The first dinner was a huge success, and started Mlodinow on a new stage of his culinary journey. He ended up running Hillel Shabbat dinners every other week throughout the rest of his college career, and when he graduated and went into marketing, he missed those Shabbat dinners so much that he went back to hosting dinner parties in his apartment — a tiny studio in Chicago.

“I would invite some friends over and cook them this giant meal with 50 different inspirations,” he said. “It was so much fun. And then one day, one of them came up to me and said, ‘Hey, you’re clearly really passionate about this. You’re clearly working very hard at this. If you ever decide you really want to be a professional chef, let me know.”

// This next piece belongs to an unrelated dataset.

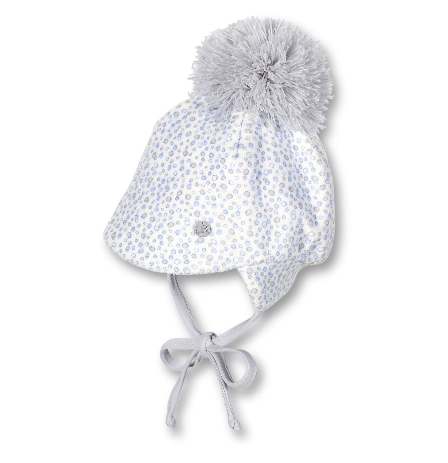 Baby Jungen Wintermütze Bommel, weiß-blau

Mlodinow took him up on his offer, and embarked on a culinary journey that would take him through internships, kitchen stints, and learning experiences at six Michelin-starred restaurants, including Temporis, where he trained under chef Troy Jorge.

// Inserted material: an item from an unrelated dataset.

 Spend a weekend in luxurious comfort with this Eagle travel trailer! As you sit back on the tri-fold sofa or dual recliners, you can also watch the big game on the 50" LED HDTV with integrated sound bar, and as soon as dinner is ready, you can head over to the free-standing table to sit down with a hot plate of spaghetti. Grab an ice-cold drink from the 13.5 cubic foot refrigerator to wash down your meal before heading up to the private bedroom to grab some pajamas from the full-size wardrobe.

“He really mentored me,” Mlodinow said. “He took a chance on me. I wasn’t expecting someone to care that much.”
Mlodinow had kept up his day job while building his skills in and out of different professional kitchens, starting up a healthcare tech company. But two and a half years ago, Mlodinow took his culinary ventures full-time, partnering with Shreena, a foodie and tech entrepreneur who became central to helping create and actualize Mlodinow’s restaurant concept, Class Act.

“The opening menu is a 13-course tasting menu around the theme of growing up,” Mlodinow explained. “It’s fine dining, avant garde-style cuisine, but based around extremely nostalgic foods I had growing up.”

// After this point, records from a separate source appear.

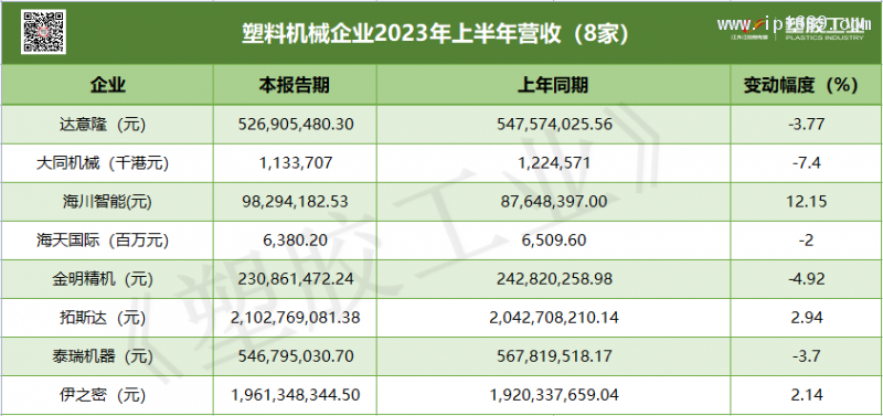 8家上市塑料機(jī)械企業(yè)營收數(shù)據(jù)中,只有海川智能、拓斯達(dá)和伊之密3家呈現(xiàn)上漲趨勢。
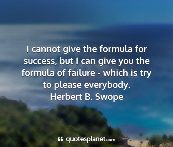 I cannot give the formula for success, but I can give you the formula of failure - which is try to please everybody.Herbert B. Swope
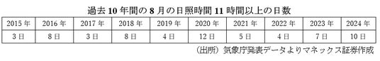 大阪において2015年から2024年までの10年間、日照時間が11時間以上だった8月の平均日数は6.4日でした。
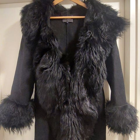 Andiata leticia- villakangastakki. Ostettu talvena 2023, mutta jäänyt itsellä käyttämättömäksi. Olen 163cm pitkä ja takki ylettyy noin puoleen väliin säärtä.
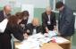 Members of the polling station at "Jeta e Re" Secondary School in Suhareke/Suva Reka Municipality prepare the register book before beginning the vote count during Kosovo's elections, 17 November 2007. (OSCE/Hasan Sopa)
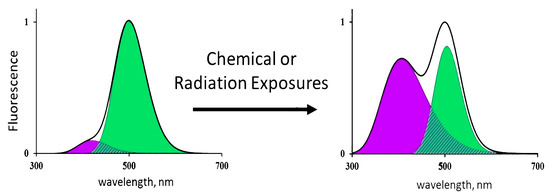 - Petrova, A.S.; Lukonina, A.A.; Badun, G.A.; Kudryasheva, N.S. Fluorescent Coelenteramide-Containing Protein as a Color Bioindicator for Low-Dose Radiation Effects. Anal. Bioanal. Chem. 2017, 409, 4377–4381. [Google Scholar] [CrossRef] [PubMed]
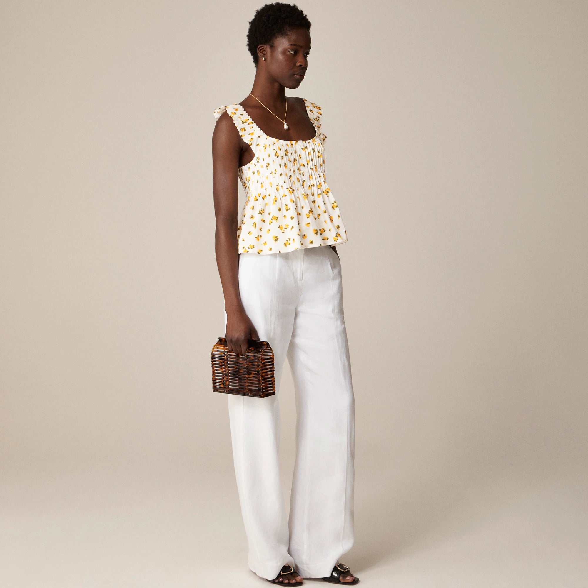 Soft structure meets thoughtful details. This floaty top comes with pretty pintucks along the bodice, ruffle cap sleeves and a peplum fit that flares out around the bottom. Plus, it's crafted from crisp cotton poplin for that just-pressed look and feel.

Cooking for Hillel is part of that nostalgia.
“Dinners for Shabbat are always family-style, right?” he said. “We’re literally breaking bread, passing things around together, and connecting through food. It’s the idea that food is a language that I can use to explain my culture, my values, and beliefs to someone else — they don’t have to be Jewish, or have any idea about our food, to experience it and come away feeling like you speak my language.”
“It’s a form of communication,” he added. “And it’s a beautiful one, because everyone universally understands it, as soon as they’re born.”
Class Act’s brick-and-mortar location is slated to open this summer in Bucktown, a vibrant neighborhood north of downtown Chicago — quite a journey from Mlodinow’s college apartment. He’s had to give up a lot to make his career bloom, from missing friends’ birthday parties to having to ask his brother to hold his wedding on a Tuesday so he could attend, but as far as Mlodinow’s concerned, it’s all been worth it.

Asked what advice he’d give today’s Hillel students thinking of taking a similar path, Mlodinow’s answer is simple:
“What Hillel really taught me, and what’s now the entire core of my restaurant, is that food can be more than just something that tastes good,” Mlodinow told Hillel International. “It’s a form of communication, and connection. If you’re in the thick of it, remember why you started. And if you’re just starting, let your passion lead the way. You can worry about the other things later.”